→ **TASK DETAILS**:
Please set down exactly the lines from the one that contains "Among the many" through the end of the material, leaving out every picture.

(EXERCISE DATA)

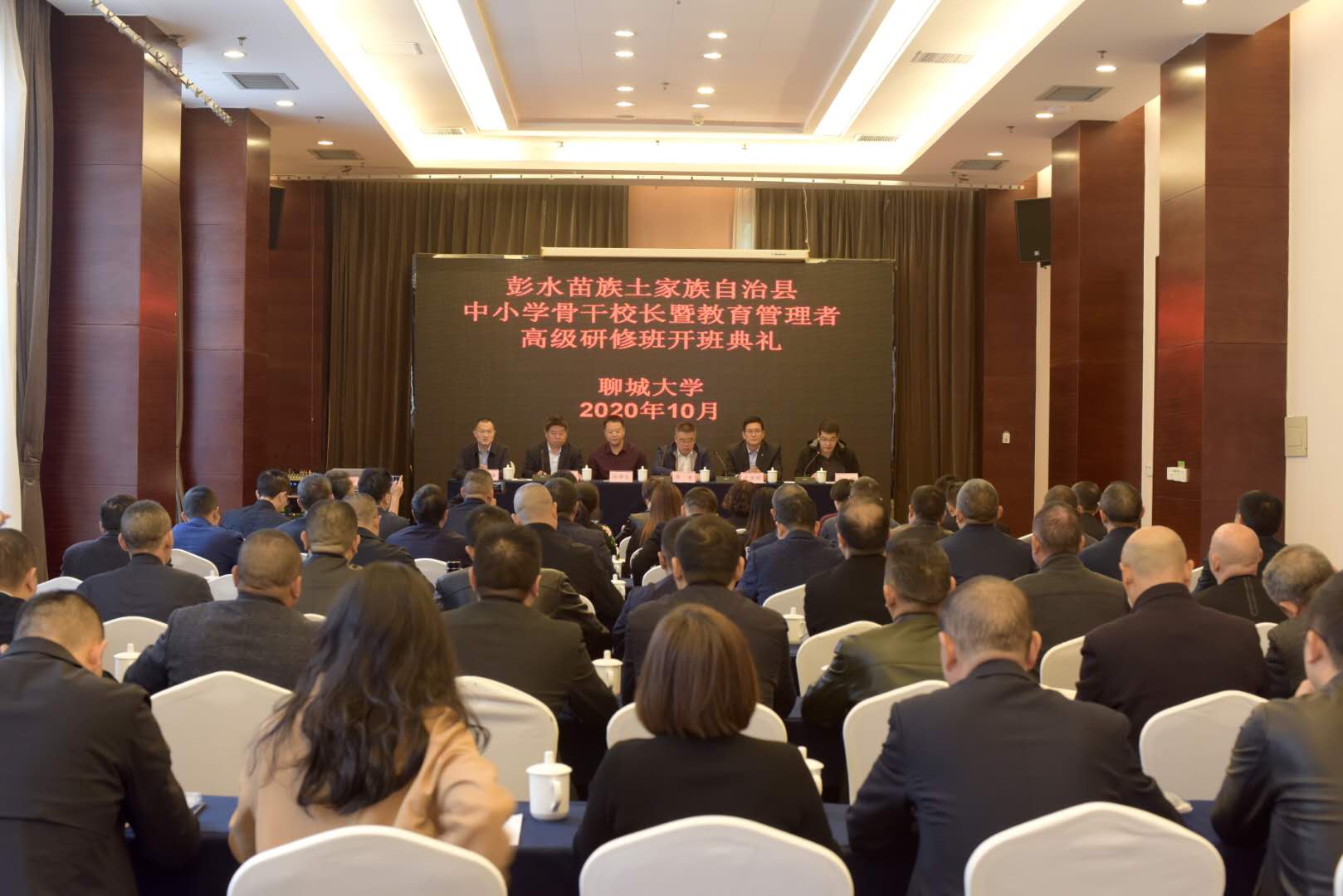 10月12日,由我校主办的重庆市彭水苗族土家族自治县中小学骨干校长暨教育管理者高级研修班(第二期)开班典礼在聊城市会议中心举行。聊城市教体局党组成员、正县级干部田凤奎、彭水县人民政府周勇督学、彭水县教育委员会副主任任牮交,我校继续教育学院院长于源溟及相关负责同志等出席典礼。
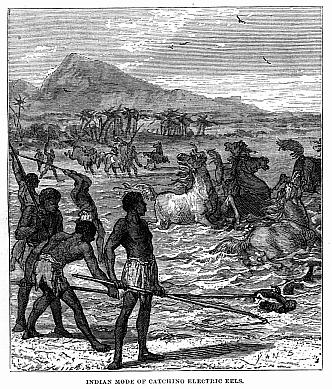 Among the many fine fish in the river is the dorado,—something like a trout in colour, but deeper; in shape, more resembling the snapper. The natives catch it with unbaited hooks. The fisherman selects a point of rock jutting over the stream, and having secured three polished hooks, back to back, attached to a line, throws it as far from him as possible into the water, giving it several strong jerks to make it look like small fry darting about. The dorado makes a dash at them, and gets hooked—generally through the back.
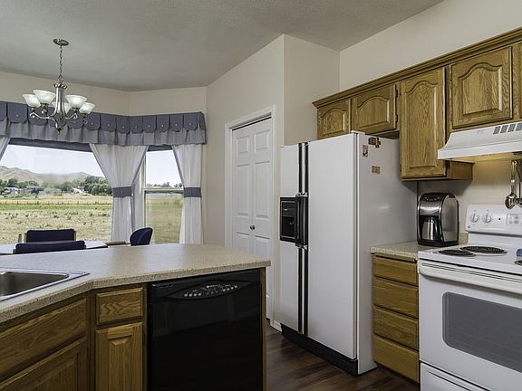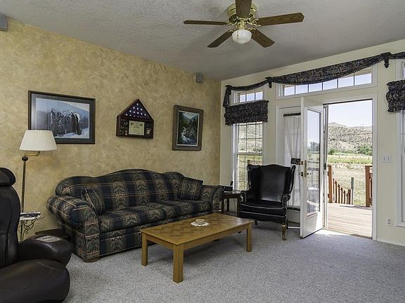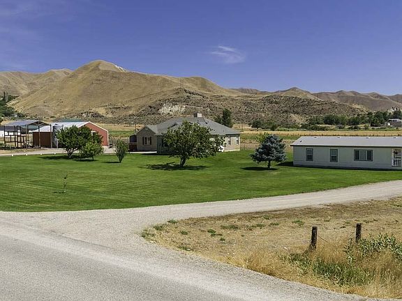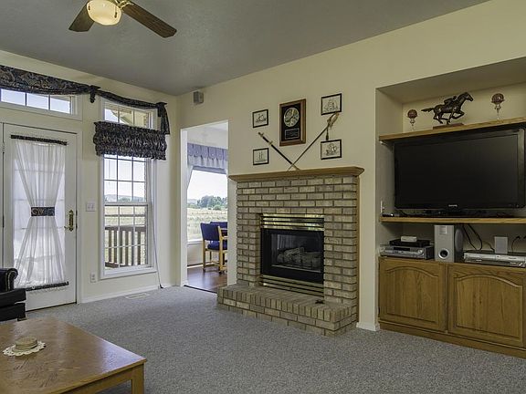 TWO HOMES.Beautiful 8.78 irrigated equine acreage property, Custom brick home & additional 1196 sq.ft. manufactured home on foundation rents for $700 per month. Spectacular Views! 48'x36' barn, 7 stalls, 4 outdoor runs & tack room. Covered hay storage 30'x18' & 3 sided carport 20'x21'. This home has 1812 sq.ft. on the main level, with a full unfinished basement with framed walls and plumbed for bath. Fully fenced, irrigated w/gated pipe. Large master suite w/2 walk in closets, sep. jetted tub & shower

(End EXERCISE DATA)

→ **ANSWER**:
 Among the many fine fish in the river is the dorado,—something like a trout in colour, but deeper; in shape, more resembling the snapper. The natives catch it with unbaited hooks. The fisherman selects a point of rock jutting over the stream, and having secured three polished hooks, back to back, attached to a line, throws it as far from him as possible into the water, giving it several strong jerks to make it look like small fry darting about. The dorado makes a dash at them, and gets hooked—generally through the back.
 TWO HOMES.Beautiful 8.78 irrigated equine acreage property, Custom brick home & additional 1196 sq.ft. manufactured home on foundation rents for $700 per month. Spectacular Views! 48'x36' barn, 7 stalls, 4 outdoor runs & tack room. Covered hay storage 30'x18' & 3 sided carport 20'x21'. This home has 1812 sq.ft. on the main level, with a full unfinished basement with framed walls and plumbed for bath. Fully fenced, irrigated w/gated pipe. Large master suite w/2 walk in closets, sep. jetted tub & shower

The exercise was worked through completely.